TUnit filtering for integration tests
Use --treenode-filter, not --filter. Syntax: /<Assembly>/<Namespace>/<Class>/<Test> — exactly 4 path segments separated by /.
CRITICAL: [...] bracket syntax is for property filters only (5th segment). Never use brackets in class or test-name segments; doing so matches zero tests silently.

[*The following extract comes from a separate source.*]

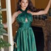 A short, fitted feather-adorned homecoming dress with a sheer v-neck bodice and lace-up corset back. Available in Champagne and Dusty Sage sizes 00-16. Updated: September 27.
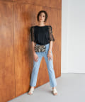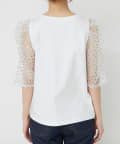 ふんわりとした袖がポイントのシースルードットスリーブカットソー

| Segment | Position | Example value |
|---|
| Assembly | 1st (/*) | wildcard always |
| Namespace | 2nd (/*) | Reaparr.IntegrationTests.Api* |
| Class name | 3rd | RefreshLibraryMediaEndpointIntegrationTests or *Endpoint* |
| Test name | 4th | * or exact method name |
| Property filter | 5th (optional) | [Category=Smoke] |
Filter by class name:
dotnet run --project tests/IntegrationTests/IntegrationTests/IntegrationTests.csproj -- --no-ansi --disable-logo --treenode-filter "/*/*/RefreshLibraryMediaEndpointIntegrationTests/*"
Filter by class wildcard:
dotnet run --project tests/IntegrationTests/IntegrationTests/IntegrationTests.csproj -- --no-ansi --disable-logo --treenode-filter "/*/*/CheckForUpdate*/*"

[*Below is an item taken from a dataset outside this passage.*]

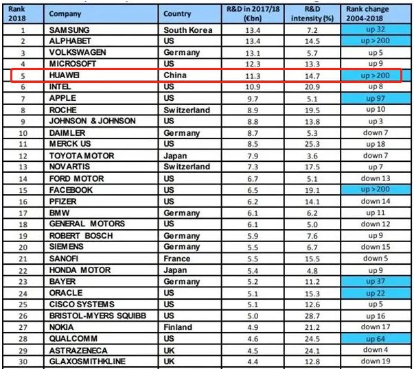 因此,在今年1月欧盟发布的一组全球2500家企业的研发投入排行榜上,华为才能骄傲地站在世界第五的位置,不仅在中国企业中“一骑绝尘”,在全球更是高于因特尔和苹果公司!& _# t$ X7 L) N
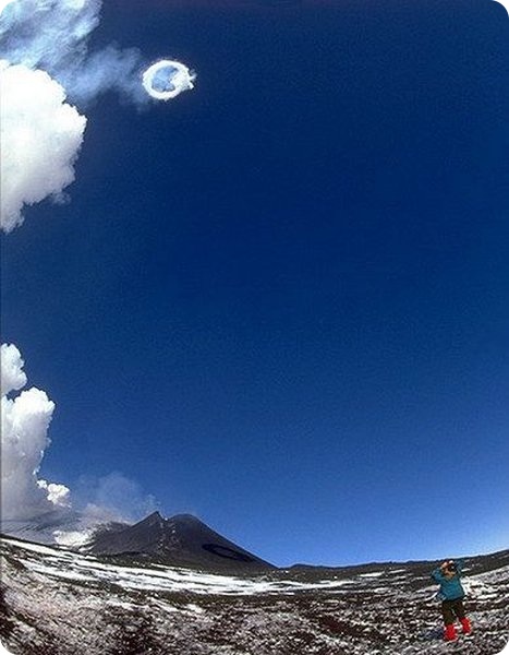 выдувает дымовые кольца высоко в небо! Последний раз схожее чудо можно было наблюдать в 2000 году у вулкана Этна. Кольца Эйяфьятлайокудля плавали в небе около пяти минут и Джозеф Ликшиарди считает что ему невероятно повезло – зафиксировать данные кадры.

Filter multiple classes with OR:
dotnet run --project tests/IntegrationTests/IntegrationTests/IntegrationTests.csproj -- --no-ansi --disable-logo --treenode-filter "/*/*/(RefreshLibraryMediaEndpointIntegrationTests)|(CheckForUpdateEndpointIntegrationTests)/*"
Filter by namespace prefix:
dotnet run --project tests/IntegrationTests/IntegrationTests/IntegrationTests.csproj -- --no-ansi --disable-logo --treenode-filter "/*/Reaparr.IntegrationTests.Api*/*/*"

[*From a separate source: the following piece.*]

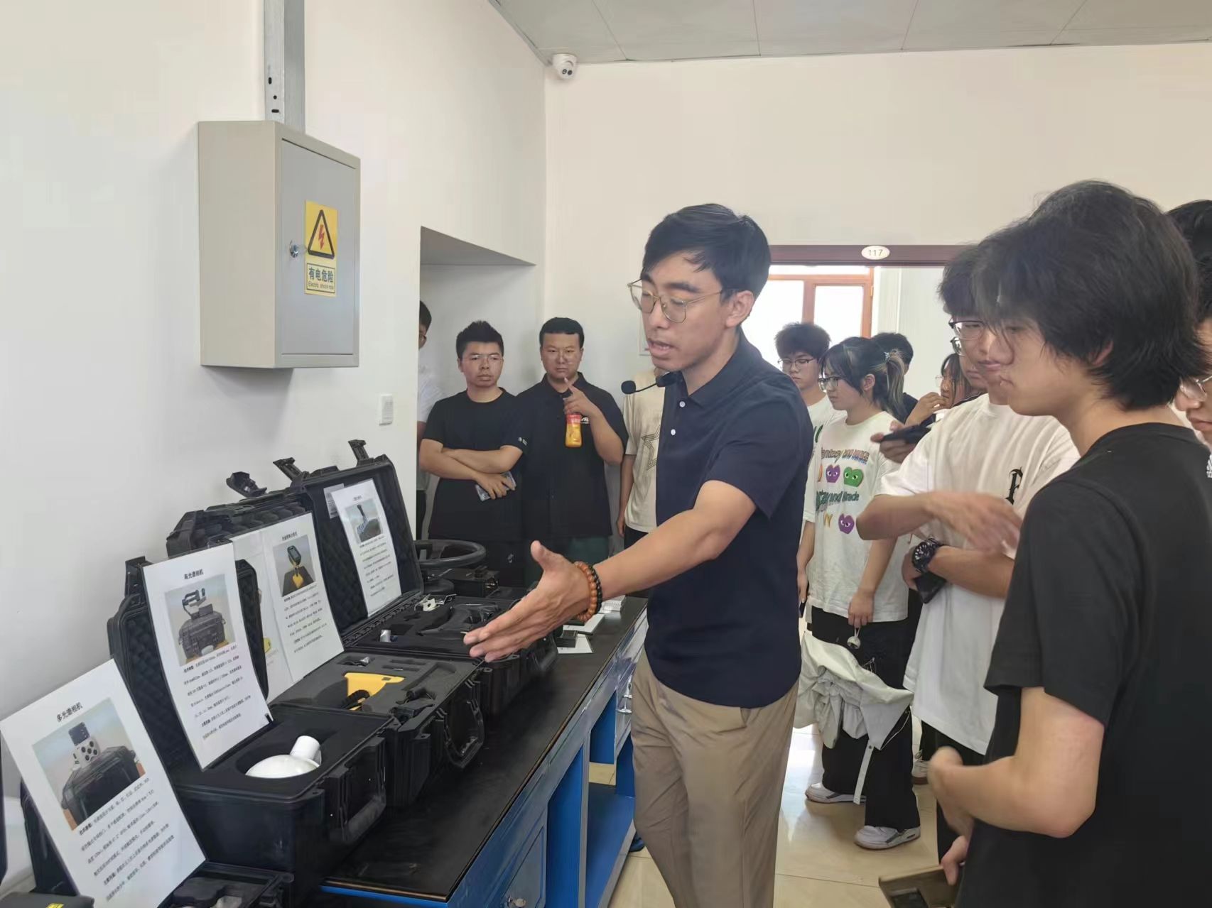 在哈尔滨新光光电科技股份有限公司的高端产品展厅内,工作人员以生动的讲解引领学生们深入探索光电技术在军工国防领域的尖端应用,这些创新实例如同璀璨星辰,极大地拓宽了学生们的视野,让学生们对科技助力国防安全的深远意义有了更为深刻的理解与感悟。

Filter by specific test method:
dotnet run --project tests/IntegrationTests/IntegrationTests/IntegrationTests.csproj -- --no-ansi --disable-logo --treenode-filter "/*/*/*/ShouldReturn200_WhenLibraryRefreshSucceeds"
If exact names are unknown, list tests first:
dotnet run --project tests/IntegrationTests/IntegrationTests/IntegrationTests.csproj -- --no-ansi --disable-logo --list-tests
Anti-pattern (zero tests ran): "/*/*/*[CheckForUpdateEndpoint*]" puts bracket property syntax in the class segment. Use "/*/*/CheckForUpdateEndpoint*/*" instead.
Test Quality Gate
Do not write tests merely to reach a requested count. A number like "add 20 tests" is a budget or lower bound, not the success criterion. First map the code under test, identify high-risk behavior, and choose tests that would catch meaningful regressions. If the requested count would force low-value tests, stop and report the highest-value test plan instead of padding.
Before adding tests, inspect existing tests for the same class and explicitly avoid duplicate coverage. Prefer behavior that crosses boundaries or encodes contracts:
- API request parameter contracts and omitted/default parameters
- edge cases that previously failed or could plausibly regress
Reject weak tests such as:
- default value assertions that do not protect a behavior contract
- direct setter/getter tests with no observable consequence
- duplicating existing tests with different wording
- assertions that only prove mocks were configured
- broad "kitchen sink" tests added to inflate count
Every new test must earn its place by answering: "What bug would this fail for?" If the answer is unclear, replace it with a stronger test or do not add it.
Definition of Done
You are done only when all are true:
- Root cause is identified and fixed.
- Assertions remain strict or become stricter.
- Targeted failing tests pass.
- Full integration suite passes unfiltered.
- No skips or assertion weakening introduced to force green.